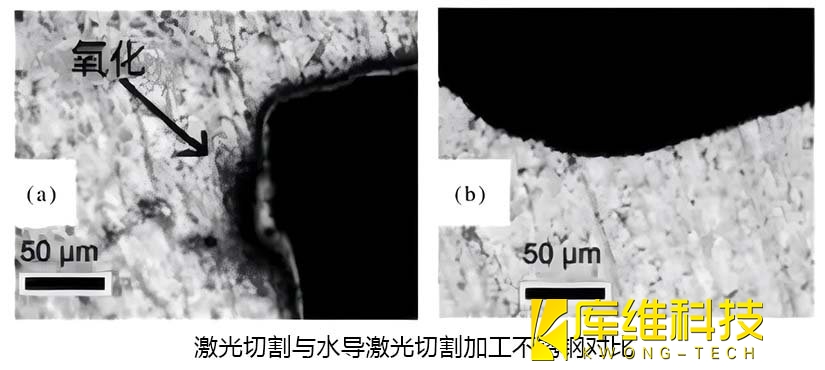 在金屬板材切割方面,用傳統(tǒng)激光與水導(dǎo)激光分別切割不同厚度的AISI1020鋼板,發(fā)現(xiàn)水導(dǎo)激光大大降低了材料表面粗糙度,并最大限度減少了與傳統(tǒng)激光切割相關(guān)的問(wèn)題,例如切口和熱損傷。同時(shí),與傳統(tǒng)激光切割相比,水導(dǎo)激光切割產(chǎn)生的白層更小,表面波紋也得到顯著改善。通過(guò)對(duì)比還發(fā)現(xiàn),在切割速度一致的情況下,水導(dǎo)激光切割在材料表面粗糙程度和內(nèi)部結(jié)構(gòu)熱影響區(qū)方面優(yōu)勢(shì)明顯,這一特性在不銹鋼切割對(duì)比中也得到充分驗(yàn)證。
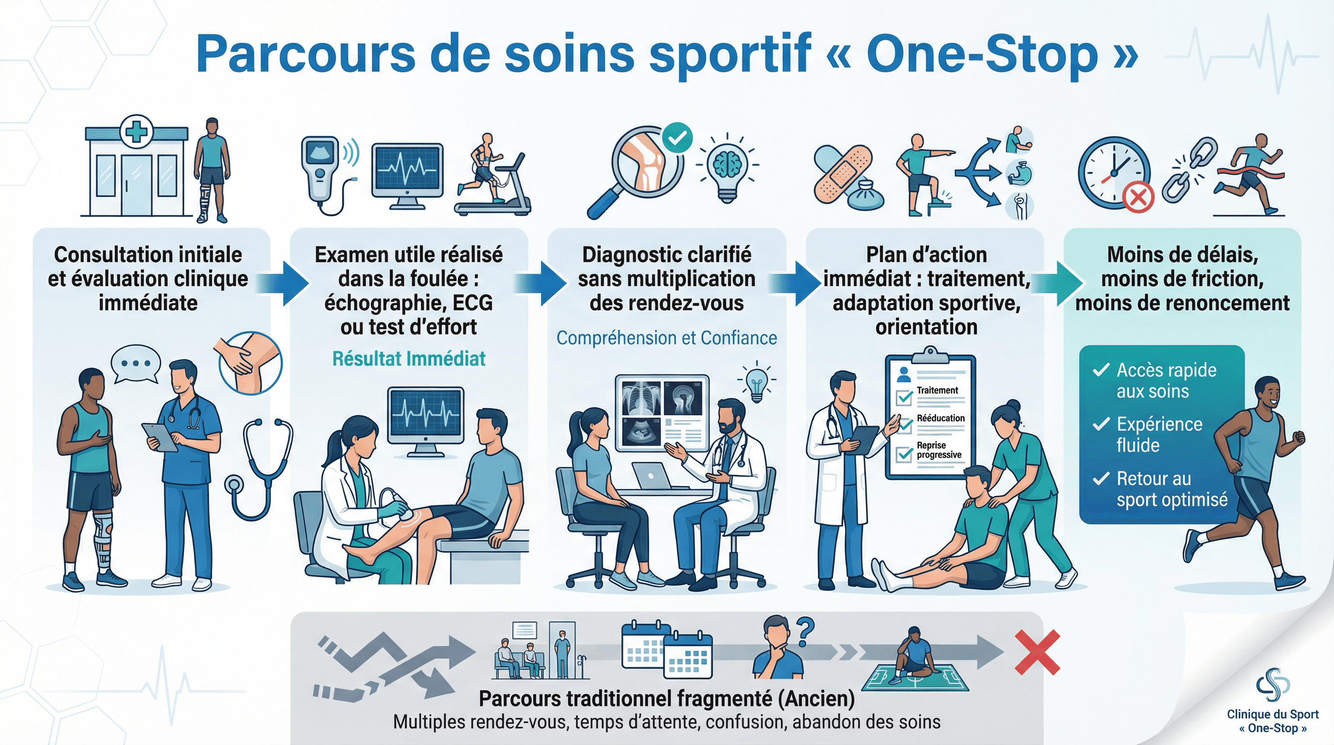 C’est exactement là que des acteurs comme SPEEDOCTOR peuvent jouer un rôle structurant : non pas en “rajoutant une couche” au système, mais en recomposant le parcours. Le rendre lisible. Le rendre rapide. Le rendre cohérent avec la vraie vie des sportifs. L’enjeu n’est pas seulement d’aller plus vite. L’enjeu, c’est d’éviter que l’attente fabrique de la chronicité.
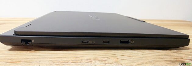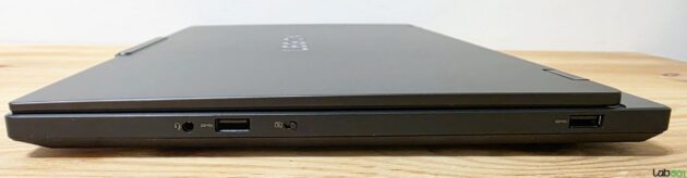 Totusi, in cazul de fata, conectorul HDMI si conectorul alimentatorului sunt dispuse pe latura din spate. Pe latura stanga avem la indemana conectorul RJ-45, cei doi conectori USB-C si un conector USB, in timp ce latura dreapta gazduieste 2 conectori USB, conectorul audio si butonul cu ajutorul caruia actionam obturatorul electronic.
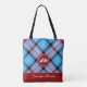 Moderne Red Wax Monogram Script Name Kariert Tartan Tote Bag Stilvolle, elegante und gürtelbare Tote Tasche mit "personalisiertem Monogramm" auf einem roten Wachs Siegel, "personalisierter Name" auf einem roten Streifen unten, und Baby rosa / blau kariert tartan Hintergrund. Personalisieren Sie diese schöne Tasche als ein wunderbares Geschenk für eine Braut, Brautjungfrau, Lehrerin, Freundin oder ein Mitglied Ihrer Familie, indem Sie Ihren Namen oder Text / ändern Sie den Schriftart, Farbe, Größe und Position.
::::::
**TRY IT:** Omitting all pictures, set the listing down exactly.

**EXERCISE RESPONSE:**
 在金屬板材切割方面,用傳統(tǒng)激光與水導(dǎo)激光分別切割不同厚度的AISI1020鋼板,發(fā)現(xiàn)水導(dǎo)激光大大降低了材料表面粗糙度,并最大限度減少了與傳統(tǒng)激光切割相關(guān)的問(wèn)題,例如切口和熱損傷。同時(shí),與傳統(tǒng)激光切割相比,水導(dǎo)激光切割產(chǎn)生的白層更小,表面波紋也得到顯著改善。通過(guò)對(duì)比還發(fā)現(xiàn),在切割速度一致的情況下,水導(dǎo)激光切割在材料表面粗糙程度和內(nèi)部結(jié)構(gòu)熱影響區(qū)方面優(yōu)勢(shì)明顯,這一特性在不銹鋼切割對(duì)比中也得到充分驗(yàn)證。
 C’est exactement là que des acteurs comme SPEEDOCTOR peuvent jouer un rôle structurant : non pas en “rajoutant une couche” au système, mais en recomposant le parcours. Le rendre lisible. Le rendre rapide. Le rendre cohérent avec la vraie vie des sportifs. L’enjeu n’est pas seulement d’aller plus vite. L’enjeu, c’est d’éviter que l’attente fabrique de la chronicité.
 Totusi, in cazul de fata, conectorul HDMI si conectorul alimentatorului sunt dispuse pe latura din spate. Pe latura stanga avem la indemana conectorul RJ-45, cei doi conectori USB-C si un conector USB, in timp ce latura dreapta gazduieste 2 conectori USB, conectorul audio si butonul cu ajutorul caruia actionam obturatorul electronic.
 Moderne Red Wax Monogram Script Name Kariert Tartan Tote Bag Stilvolle, elegante und gürtelbare Tote Tasche mit "personalisiertem Monogramm" auf einem roten Wachs Siegel, "personalisierter Name" auf einem roten Streifen unten, und Baby rosa / blau kariert tartan Hintergrund. Personalisieren Sie diese schöne Tasche als ein wunderbares Geschenk für eine Braut, Brautjungfrau, Lehrerin, Freundin oder ein Mitglied Ihrer Familie, indem Sie Ihren Namen oder Text / ändern Sie den Schriftart, Farbe, Größe und Position.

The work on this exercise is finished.